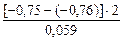 = -0,76В, n – равно заряду иона цинка Zn2+ (n=2).
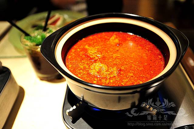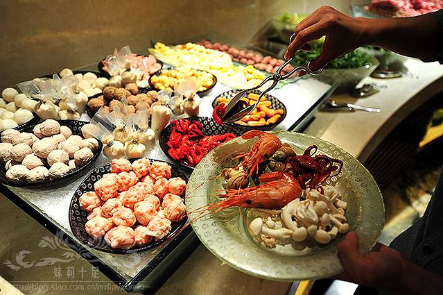 共有七种不同口味的亚洲特色锅底:日式辣椒牛尾清汤锅底、顶上清汤底、四川酸辣锅底、中式滋补养生汤底、越式鲜虾汤底、娘惹叻沙汤底、广式粥底。服务员热情推荐娘惹叻沙汤,比较泰式口味,喜欢酸辣的话可以选择,我来了一份,果然大赞啊!我基本一晚上光喝汤了……服务员给我加汤不知多少次……最最重要的是,七种锅底随便换,不额外收费!
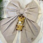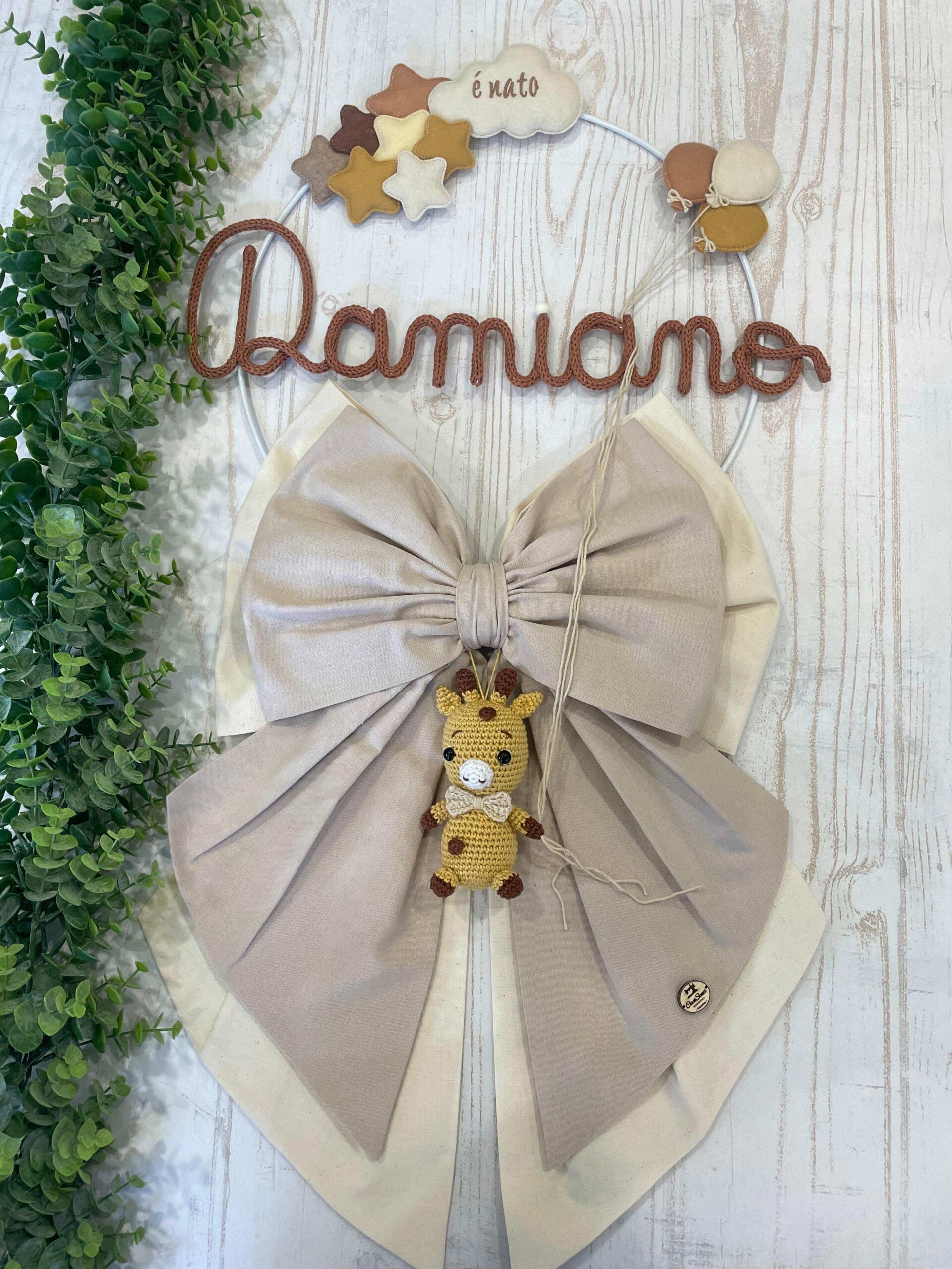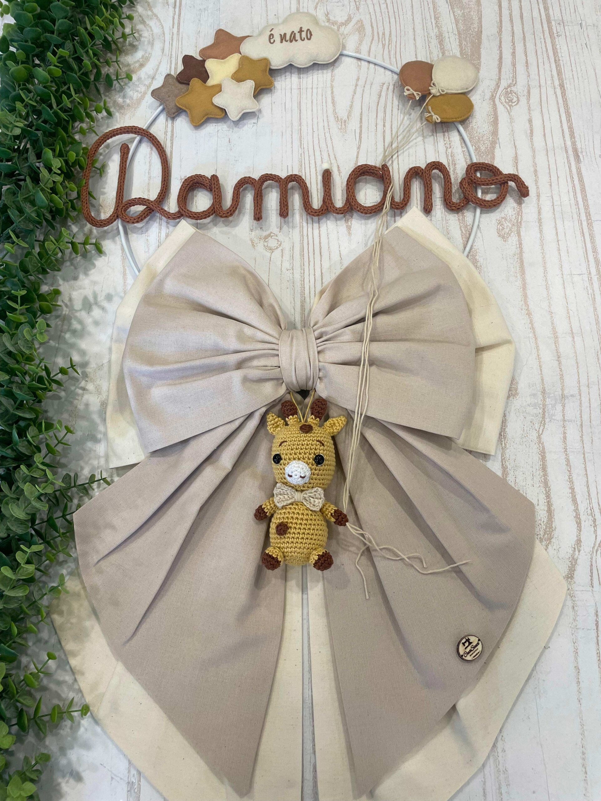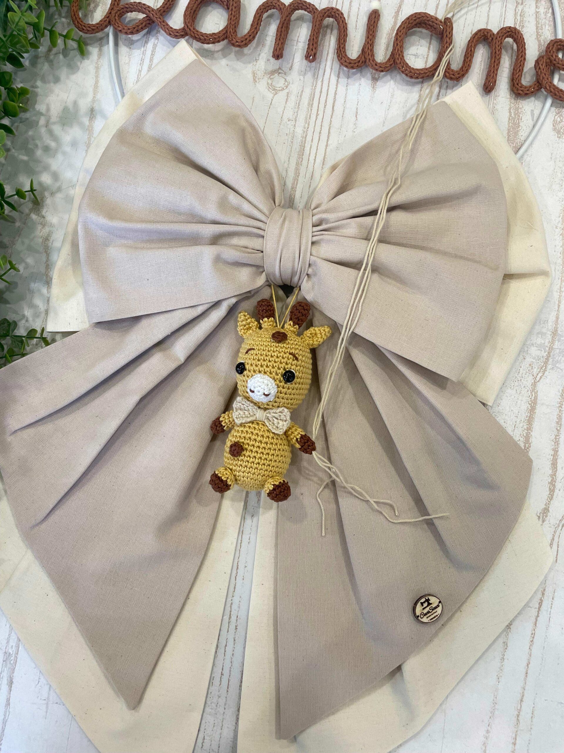 Dal fiocco pende una tenerissima giraffa realizzata a mano con la tecnica amigurumi, morbida e ricca di dettagli, che rende questa creazione ancora più unica.

• Your task: Give back the material above word for word; no picture belongs in it.

• Your solution:
 = -0,76В, n – равно заряду иона цинка Zn2+ (n=2).
 共有七种不同口味的亚洲特色锅底:日式辣椒牛尾清汤锅底、顶上清汤底、四川酸辣锅底、中式滋补养生汤底、越式鲜虾汤底、娘惹叻沙汤底、广式粥底。服务员热情推荐娘惹叻沙汤,比较泰式口味,喜欢酸辣的话可以选择,我来了一份,果然大赞啊!我基本一晚上光喝汤了……服务员给我加汤不知多少次……最最重要的是,七种锅底随便换,不额外收费!
 Dal fiocco pende una tenerissima giraffa realizzata a mano con la tecnica amigurumi, morbida e ricca di dettagli, che rende questa creazione ancora più unica.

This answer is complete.